If you want to run FlashWeave remotely on a computing cluster, a ClusterManager can be used (for example from the ClusterManagers.jl package, installable via ] and then add ClusterManagers). Details differ depending on the setup (queueing system, resource requirements etc.), but a simple example for a Sun Grid Engine (SGE) system would be:

julia> using ClusterManagers
julia> addprocs_qrsh(20) # 20 remote workers
julia> ## for more fine-grained control: addprocs(QRSHManager(20, "<your queue>"), qsub_env="<your environment>", params=Dict(:res_list=>"<requested resources>"))

julia> # or

julia> addprocs_sge(20)
julia> ## addprocs_sge(5, queue="<your queue>", qsub_env="<your environment>", res_list="<requested resources>")

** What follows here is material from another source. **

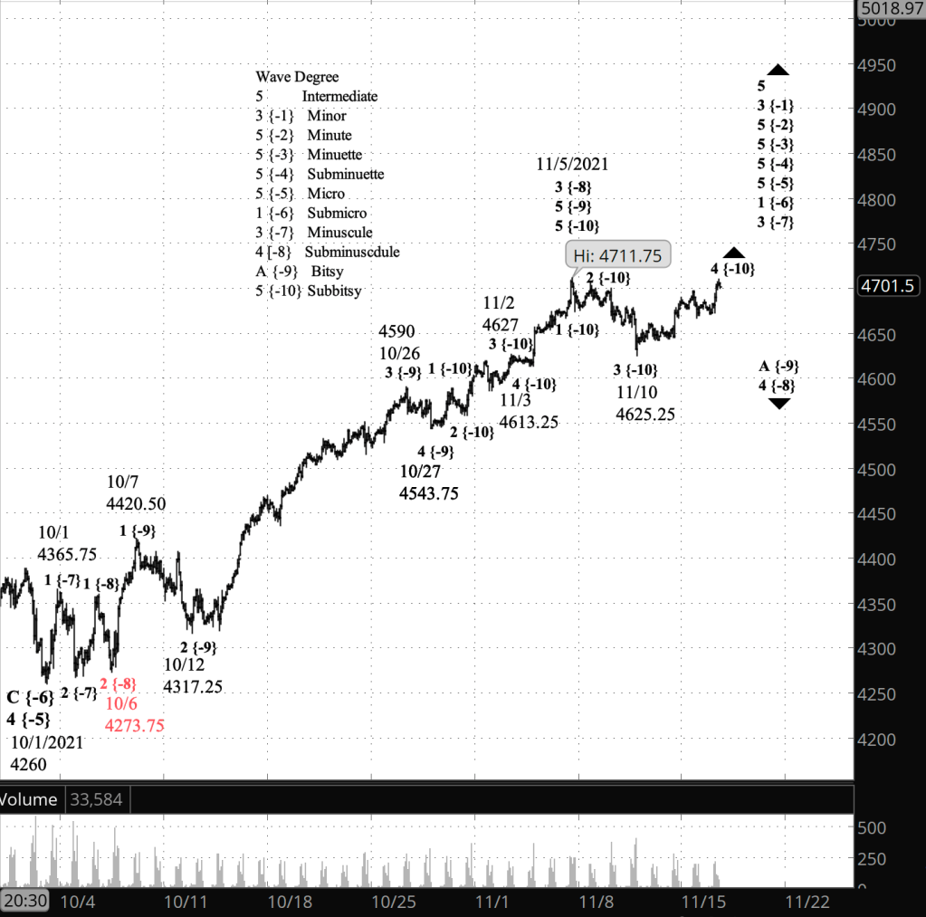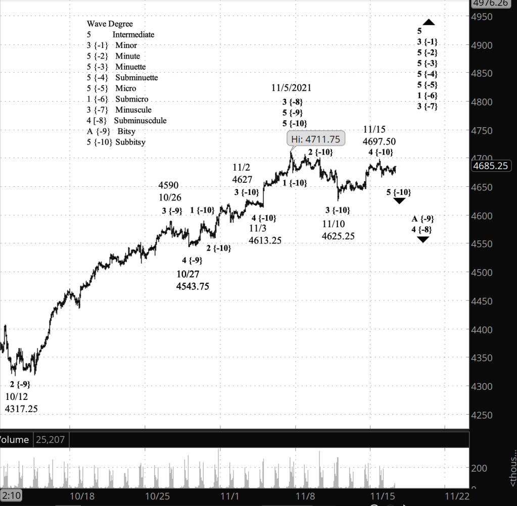 What does Elliott wave theory say? Under my principal analysis, the sideways movement is an early stage of wave 5 of Subbitsy degree — a {-10} subscript on the chart — which is the final, declining portion of wave A of Bitsy degree {-9} within a wave 4 correction of Subminuscule degree {-8}. Bitsy wave A will be followed by a rising B wave that may again reach into the 4690s, and then by declining C wave that will complete Subminuscule wave 4. That 4th wave will be followed by Subminuscule wave 5, which will push above the November 5 peak to new heights.
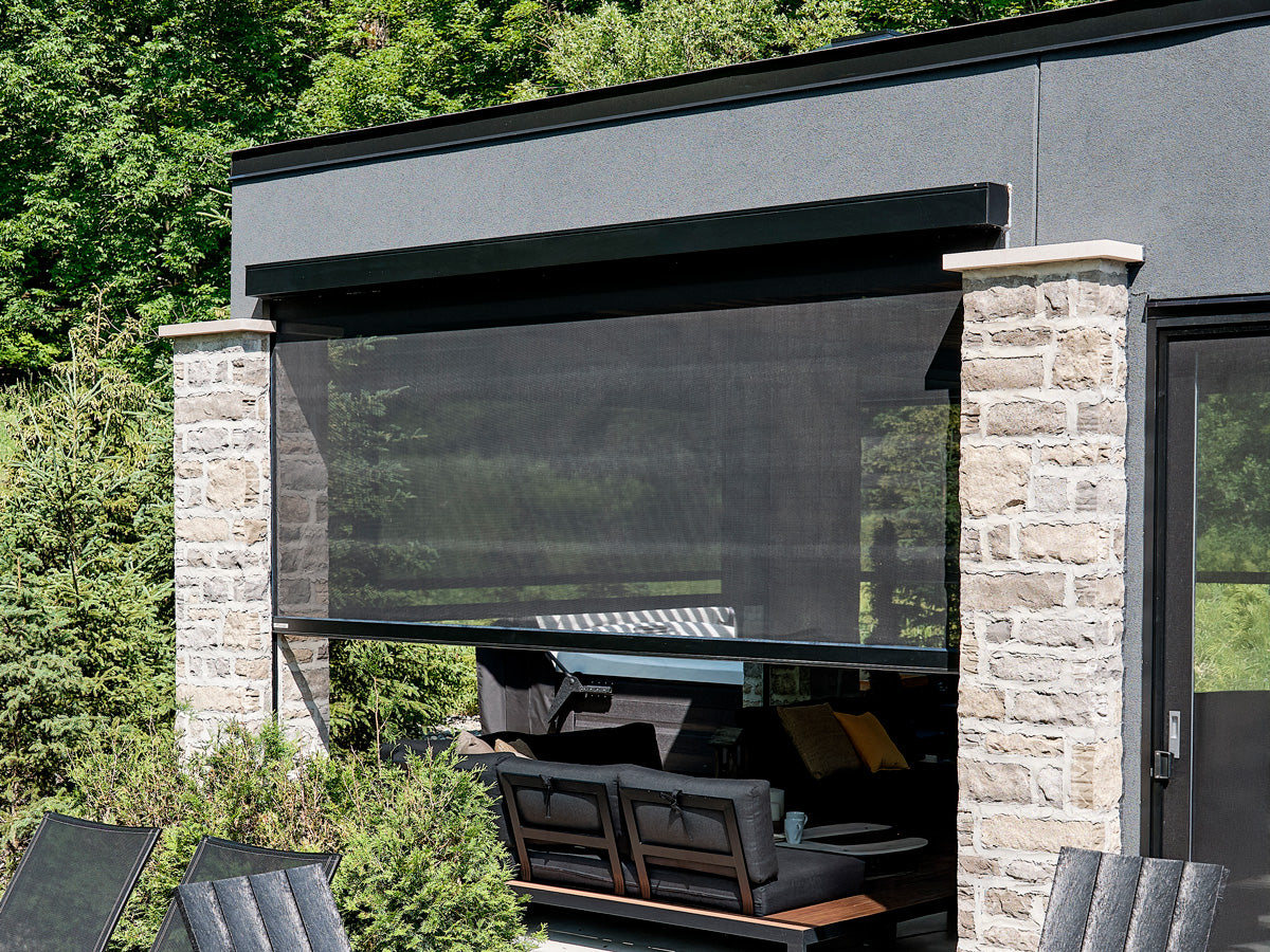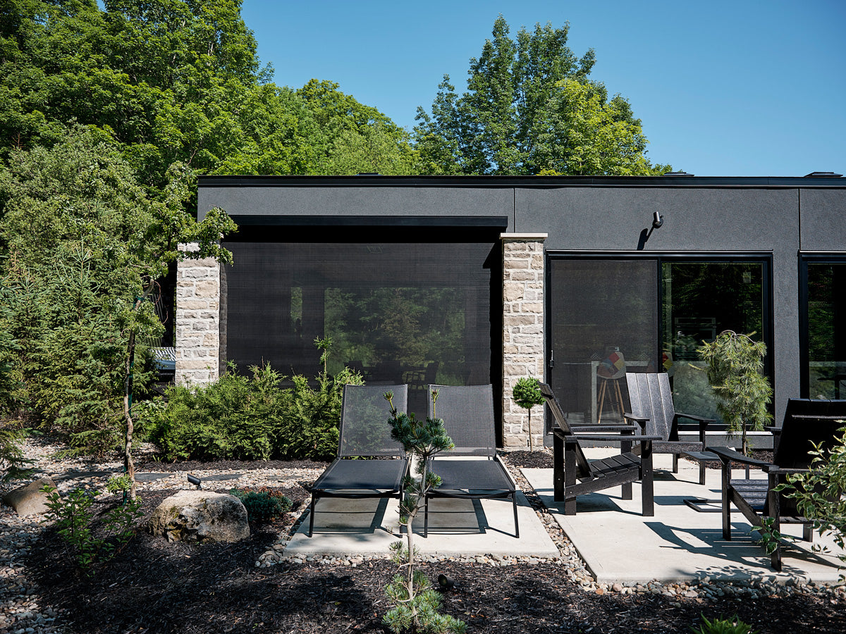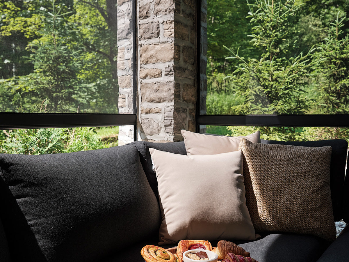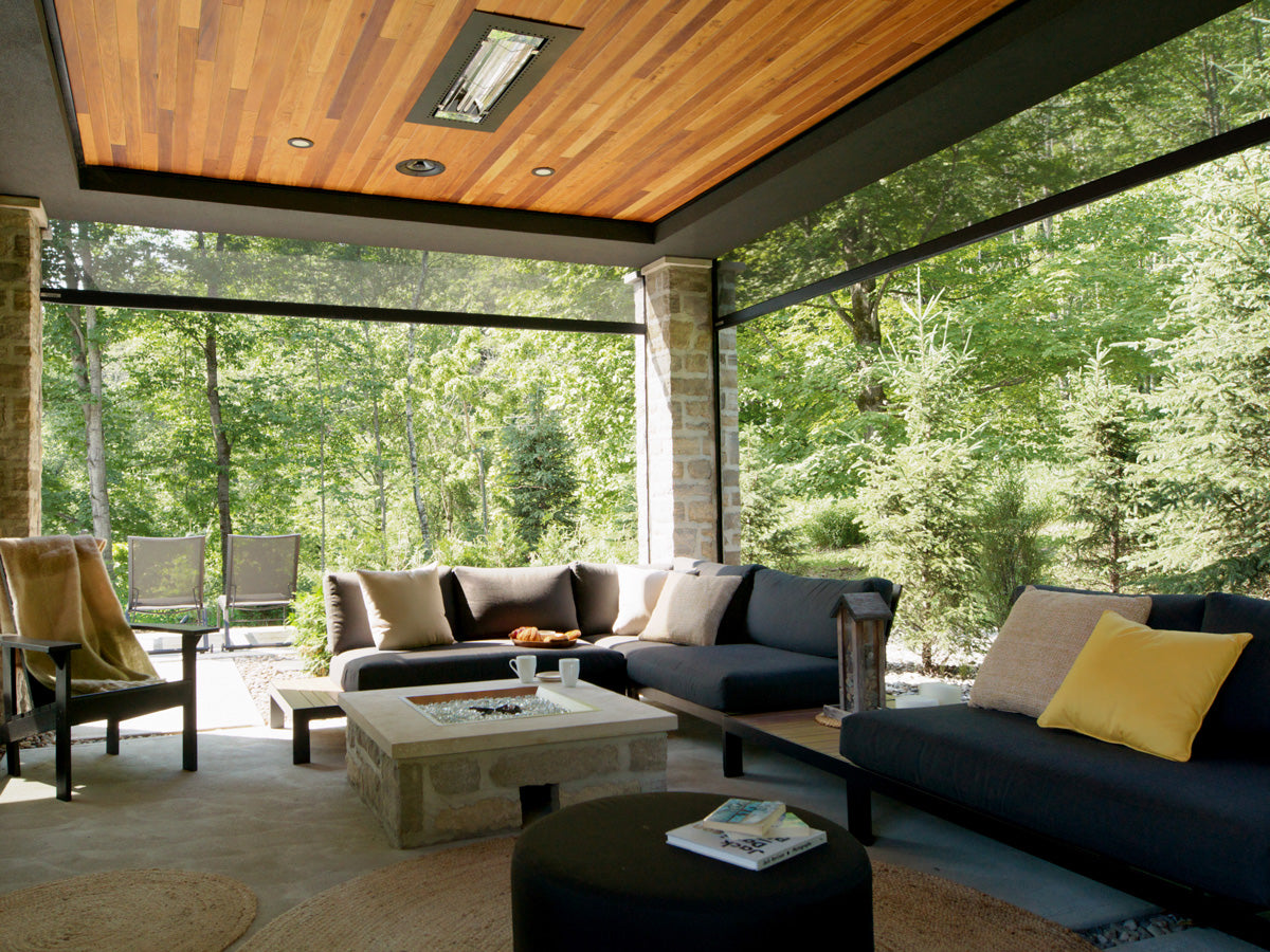 Le client imaginait un refuge s’ouvrant sans effort sur l’extérieur tout en préservant un haut degré de confort. Ainsi, chaque élément a été soigneusement choisi pour honorer l’environnement naturel avec des moustiquaires motorisées sur mesure et une pergola bioclimatique motorisée avec des lames orientables qui s’ajustent d’un simple geste. Des chauffages Infratech ont été intégrés au plafond de la structure de terrasse existante afin d’adoucir la fraîcheur des soirées d’été et de prolonger le plaisir de l’extérieur jusqu’à l’automne. Conçus en aluminium durable et écoresponsable, toutes les composantes s’intègrent harmonieusement au paysage. Ici, s’aventurer dehors n’est jamais un compromis — c’est une invitation à la lumière, à la clarté et à un lien renouvelé avec la nature.

Please refer to the ClusterManagers.jl documentation for further details.

Citing

To cite FlashWeave, please refer to our paper in Cell Systems:

Tackmann, Janko, Joao Frederico Matias Rodrigues, and Christian von Mering. "Rapid inference
of direct interactions in large-scaleecological networks from heterogeneous microbial
sequencing data." Cell Systems (2019).

Example BibTeX entry:

@article{tackmann2019rapid,
  title={Rapid inference of direct interactions in large-scale ecological networks from heterogeneous microbial sequencing data},
  author={Tackmann, Janko and Rodrigues, Joao Frederico Matias and von Mering, Christian},
  journal={Cell Systems},
  year={2019},
  publisher={Elsevier},
  doi={10.1016/j.cels.2019.08.002},
  url={https://doi.org/10.1016/j.cels.2019.08.002}
}

Versioning and API

FlashWeave follows semantic versioning. Stability guarantees are only provided for exported functions (official API), anything else should be considered untested and subject to change. Note, that FlashWeave is currently in its experimental phase (version < v1.0), which means that breaking interface changes may occur in every minor version.